Moreover, I wouldn’t be a lawyer if I didn’t give you a disclaimer (or use the word “moreover”): this article contains general information for small business owners and is not tax or legal advice. Always consult an expert who can determine which tax strategies are best for your business and ensure you implement them correctly. In fact, if you don’t have a relationship with a CPA whom you can count on come October when you’re making your tax projections, now is the time! You’ll also want a bookkeeper if you don’t have one already. Your bookkeeper will keep your books reconciled and categorized each month, so you’ll be ready when October rolls around. Read to the end, and I’ll show you how to get advice and counsel that’s suited for you.
And with that, let’s get started!
Move No. 6: Give Your Business Structure a Makeover
Is your business structure so last season? It might be time for a corporate facelift. For instance, it may be time to switch from a sole proprietorship to an S corp. As an S corp, you can potentially reduce your self-employment tax by paying yourself a reasonable salary and taking the rest of your profits as distributions. It’s like cutting your tax bill in half – legally though.
But remember, “reasonable” is the keyword here. If you try to pay yourself $1 a year and take the rest as distributions, the IRS might raise an eyebrow. Or two. Or call for a full-blown audit. So be smart, be reasonable, and work with a professional. As a LIFTed Business Advisor, I can help. Read on to find out how to book a complimentary consult call and learn more.
Move No. 7: Be a Health Care Hero With an HRA
Want to be the coolest boss ever while also saving on taxes? Implement a Health Reimbursement Arrangement (HRA). It’s like giving your employees a health care allowance, except it’s tax-free for them and tax-deductible for you. Win-win!

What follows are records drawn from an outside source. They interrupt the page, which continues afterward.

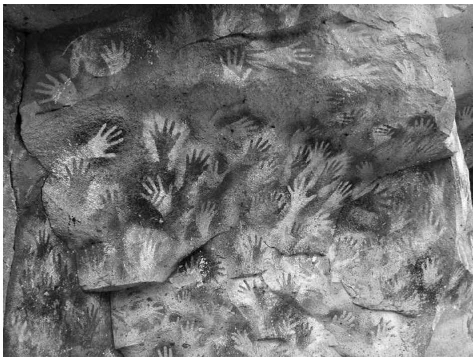
Figura 1: Cuevas de Altamira

Como podemos ver en la figura 1, con la aparición del hombre se da la lengua de señas. Hace mucho tiempo, en las cuevas de Altamira ya teníamos imágenes de manos, mensajes de manos. Eso es fascinante, sobre todo para alguien que no tiene contacto con personas que signan.
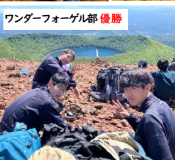
ワンダーフォーゲル部 優勝
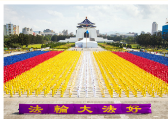
◎ 台湾 6000 多名法轮功学员齐聚自由广场集体炼功。台湾修炼法轮功人数达 50 万人。

从此以后，面对婆婆对自己的不断责骂，面对婆婆对年幼女儿的极端冷漠，秀贞以法轮功“真、善、忍”的标准要求自己，事事为患有严重抑郁症的婆婆考虑，细心照顾她，终于解开了婆媳之间错综复杂的矛盾、怨恨和纠结。婆媳俩从貌合神离的表面亲和，最终走到倾听心事，无所不谈，情同母女的融洽，让邻居亲戚都羡慕不已。秀贞说：“如果不修炼法轮功，我绝对做不到这样，说不定比婆婆的抑郁症还要重。”
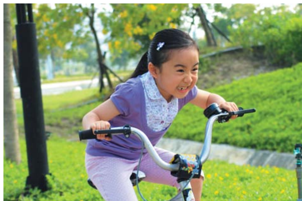
騎自行車已在台南園區內形成一股風潮。
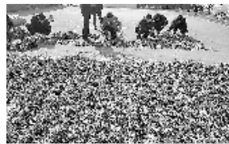
图为被盗挖的兰花草。
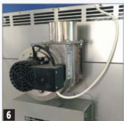
6 Õhkjahutuse väljund õhuava
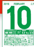
MTCQ87-B2 (16K 日曆芯) MTCQ87-B3 (32K 日曆芯)
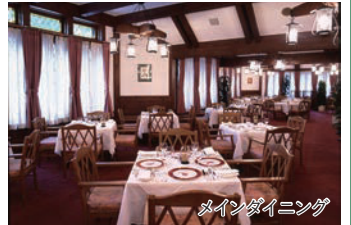
メインダイニング
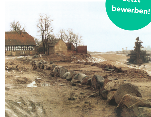
Deutsch Ossig mit Bagger am Dorfrand, um 1998
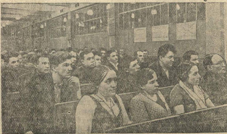
Партсобрание в литейном цехе № 3

Отчетно-выборные собрания цеховых партийных организаций на заводе имени Сталина (Москва).
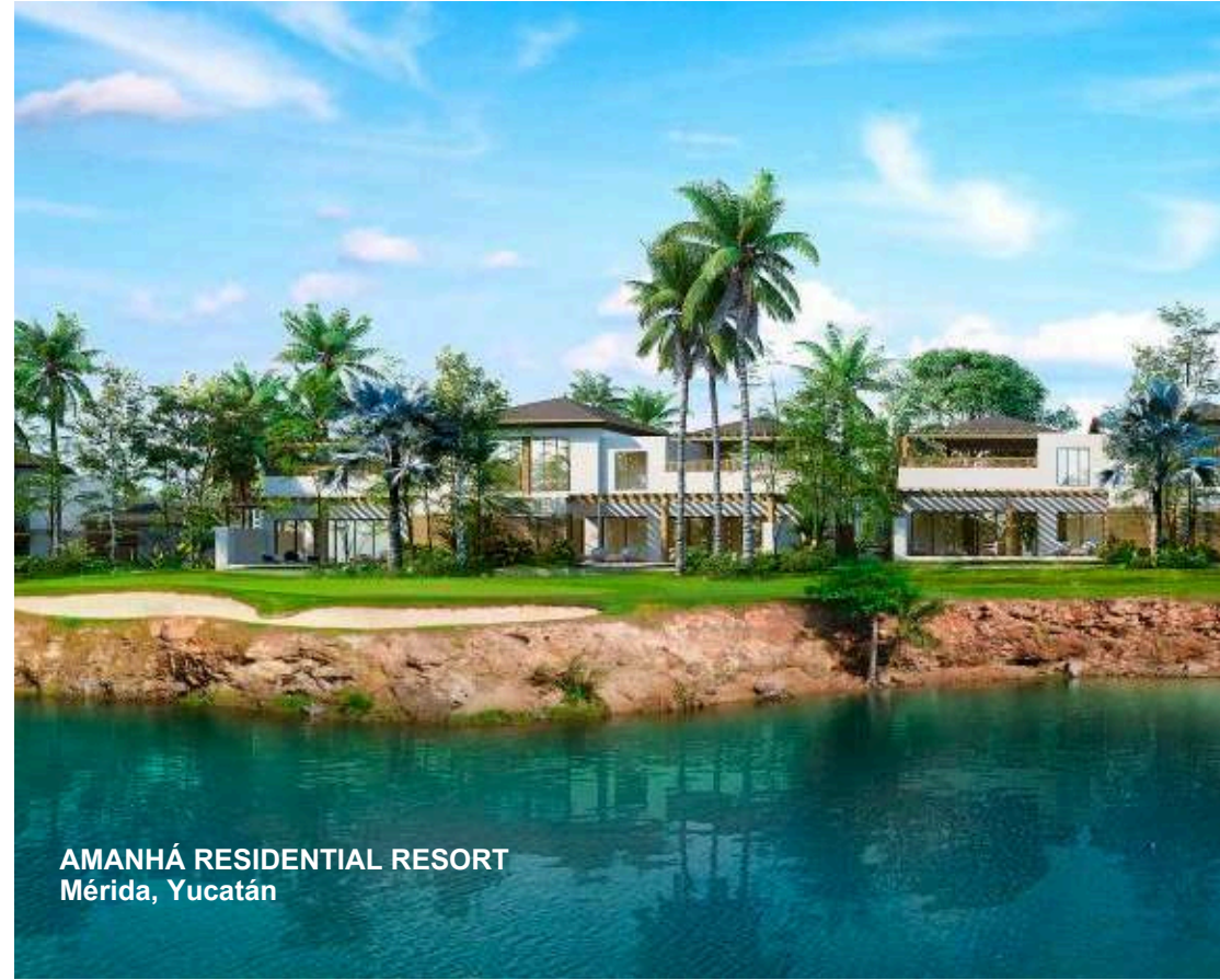
AMANHÁ RESIDENTIAL RESORT Mérida, Yucatán
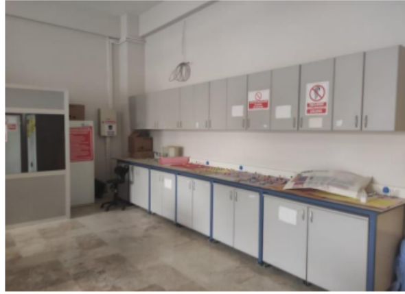
Görsel 3. Biyoloji laboratuvarından görüntüler
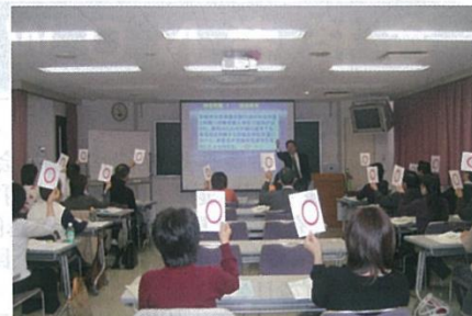
○×クイズ形式による確認問題。全問正解は賞品も

There are different types of HRAs to choose from. There’s the Qualified Small Employer HRA (QSEHRA – gosh that’s a mouthful) for businesses with fewer than 50 full-time employees, and the Individual Coverage HRA (ICHRA) which has no size limits. Make sure you have clarity on the best option for your business by consulting with a professional.
And here’s a bonus: HRAs can help you attract and retain top talent without breaking the bank on group health insurance. You’re welcome.
Move No. 8: Market Like Mad
While you’re spending money to make more money (also known as “marketing”), this is your reminder that you can deduct those expenses. So amp up your marketing efforts in the latter half of 2024 and watch those deductions roll in.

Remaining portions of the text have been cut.